Accuracies and Analysis.

Tables 1 and 2 show the recognition accuracy of our model on each database, as well as the comparisons with other algorithms. From the two tables we can see that the performances of DFSCN and SFCN alone are not comparable to many other algorithms, while the recognition accuracy after fusion is higher than most of the advanced methods. In CK+, the accuracy of our model is higher than traditional algorithm, such as STM-ExpLet [3]. Compared with the recently proposed deep learning algorithm, the final accuracy of our model is slightly lower than that of DTAGN [4], but higher than that of other methods [6, 11, 16]. In Oulu-CASIA, our recognition accuracy even exceeds all the previous researches. Meanwhile, it can be clearly found that our method is better than hand-crafted methods [3, 11, 12, 23, 24], which is mainly attributed to the feature extraction ability of our network. Our model also has significant advantages over the deep learning approaches [4, 6], which is largely related to our frame-to-sequence network connectivity and the fine-tuning approach we use.

Table 1. Overall accuracy in CK+ database.
Table 2. Overall accuracy in Oulu database.

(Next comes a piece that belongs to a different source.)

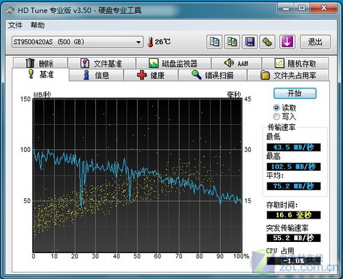 这款机器配置了一块500GB的希捷硬盘,通过HD Tune的测试我们看到,硬盘的平均读取速度为75.2MB/秒,成绩还是非常不错的。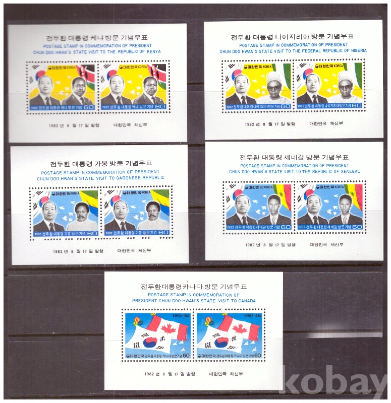(한국시트) 1982.8.17 전두환대통령 케냐,나이지리아,가봉,세네갈,카나다 방문 5완 sheet of 2 MNH

After the integrating our DFSCN and SFCN, the performance has reached the highest level, and this is shown in Fig. 6. In other words, the integration of DFSCN and SFCN improves the richness of network features, and the two channels complement each other. The combination of the two can boost the whole recognition accuracy, which proves the effectiveness of our method.

Fig. 6.
figure 6

Comparison of accuracy of three networks (SFCN, DFSCN and Fusion) on two databases. (a) CK + . (b) Oulu-CASIA.

Confusion Matrix.

Table 3 gives the confusion matrices of our model on the two datasets, respectively. In CK+, our model achieved high recognition accuracies on six emotions except Contempt (Co). In our results, Contempt (Co) is easily misdiagnosed as Sad (Sa) due to the similarity of the expression variation between sad and contempt, especially the change of mouth, as shown in Fig. 7(a). As for Oulu-CASIA database, our model performed well in recognizing Fear (Fe), Disgust (Di), Sad (Sa), and other expressions except Anger (An). The main reason for the poor recognition effect of our model on Anger (An) may be that the volunteers in this dataset have similar facial expressions when expressing Anger (An), Disgust (Di) and Sad (Sa), as shown in Fig. 7(b), which makes the algorithm of this paper not distinguish enough. Moreover, the image quality of the Oulu-CASIA is not as clear as CK+, which may be another reason for the low recognition accuracy.

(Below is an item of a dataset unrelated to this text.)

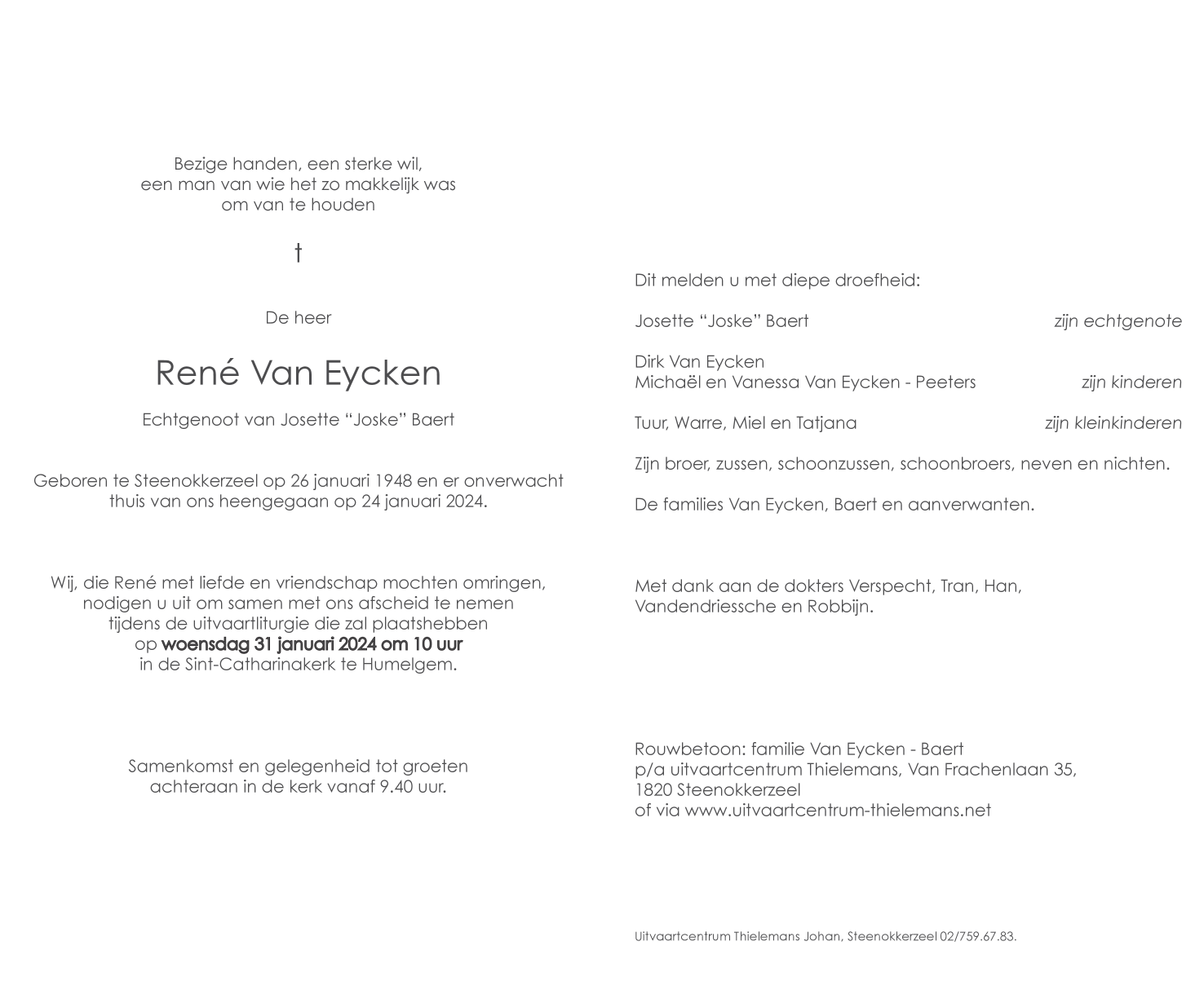 Overleden te Steenokkerzeel (1820) op woensdag 24 januari 2024 op 75-jarige leeftijd

Table 3. Confusion matrix of our proposed method for two databases.
Fig. 7.
figure 7

Sample examples of two datasets.

4 Conclusion

In this paper, we presented a new deep network structure that provides a new approach for the effectively modeling of the dynamic changes of facial expression based on the image sequences through the combination of the static characteristics of sequences. Specially, the proposed DFSCN uses simplified sequences as the network input to study the dynamic variations of expression sequences with the combination of our adaptive weighted feature fusion method. To supplement static appearance information and fine-tune DFSCN, the SFCN is proposed to extract useful spatial information from the last frame of each sequence. These two networks capture dynamic and static information, respectively, at the same time, and complement each other to improve the performance of facial expression recognition. We evaluated our two models using two public-available datasets, CK+, and Oulu-CASIA, respectively. The experimental results demonstrate that the proposed methods have achieved the same accuracy as the state-of-the-art methods.